■ **Provided material**:
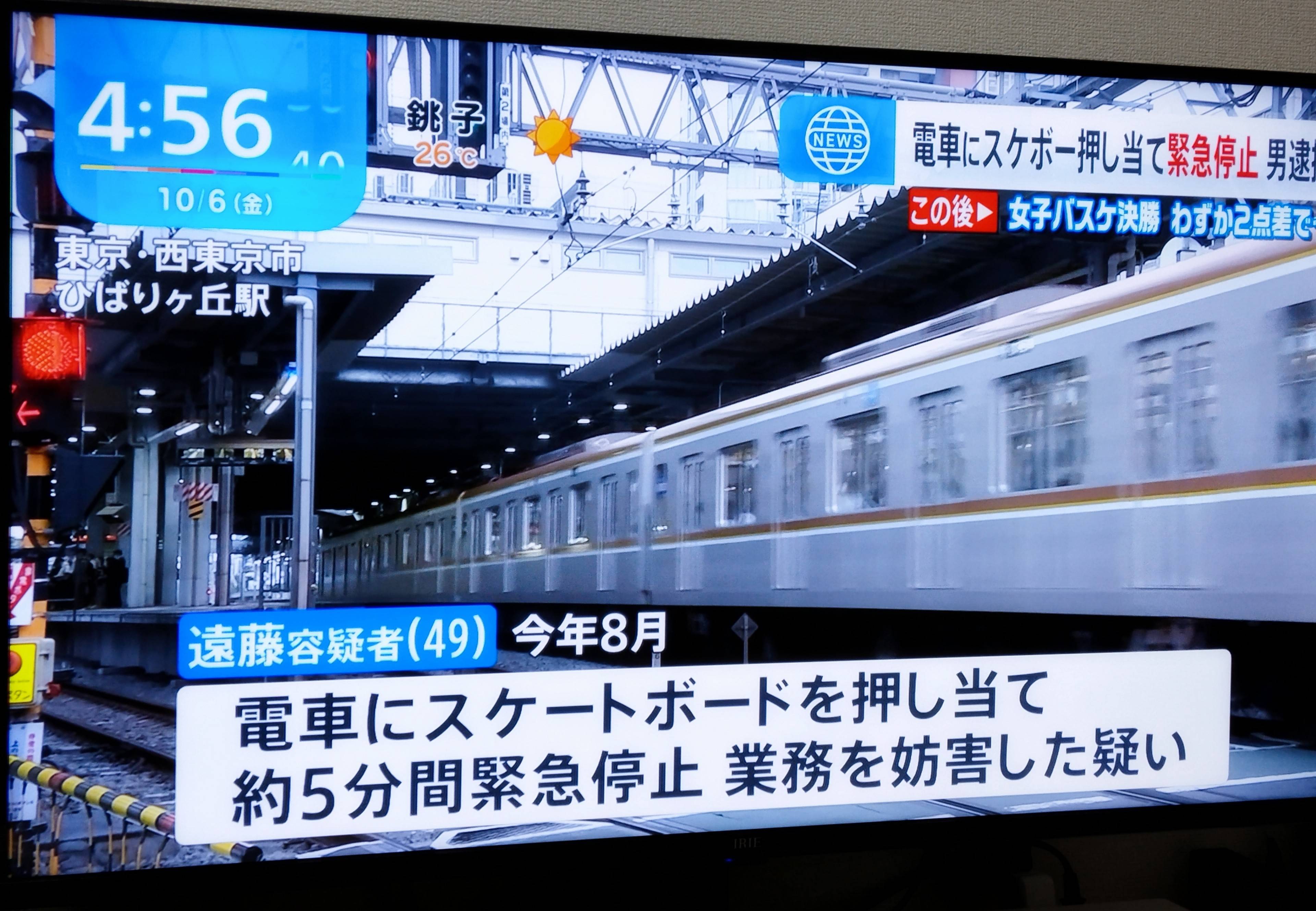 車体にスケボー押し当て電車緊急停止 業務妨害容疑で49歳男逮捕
---
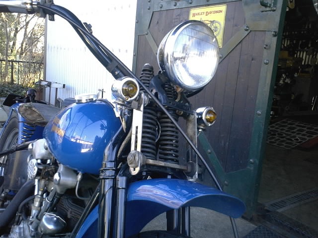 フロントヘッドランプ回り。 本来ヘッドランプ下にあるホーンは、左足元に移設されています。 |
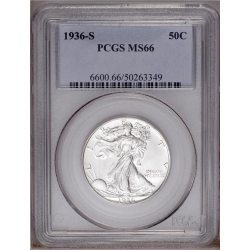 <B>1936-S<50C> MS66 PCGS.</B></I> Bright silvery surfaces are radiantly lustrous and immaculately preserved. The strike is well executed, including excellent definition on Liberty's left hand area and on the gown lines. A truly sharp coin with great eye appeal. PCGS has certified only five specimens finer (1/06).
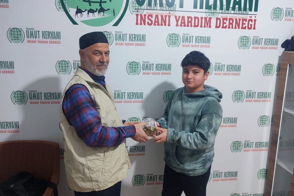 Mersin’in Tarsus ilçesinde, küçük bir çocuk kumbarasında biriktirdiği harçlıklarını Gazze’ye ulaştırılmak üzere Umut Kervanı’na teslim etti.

■ **Work request**: Only one stretch of the entries above is needed: the lines from the one containing "<B>1936-S<50C> MS66 PCGS.</B></I>" through the one containing "Mersin’in Tarsus ilçesinde, küçük". Copy it exactly, without the pictures.

■ **Task answer**:
 <B>1936-S<50C> MS66 PCGS.</B></I> Bright silvery surfaces are radiantly lustrous and immaculately preserved. The strike is well executed, including excellent definition on Liberty's left hand area and on the gown lines. A truly sharp coin with great eye appeal. PCGS has certified only five specimens finer (1/06).
 Mersin’in Tarsus ilçesinde, küçük bir çocuk kumbarasında biriktirdiği harçlıklarını Gazze’ye ulaştırılmak üzere Umut Kervanı’na teslim etti.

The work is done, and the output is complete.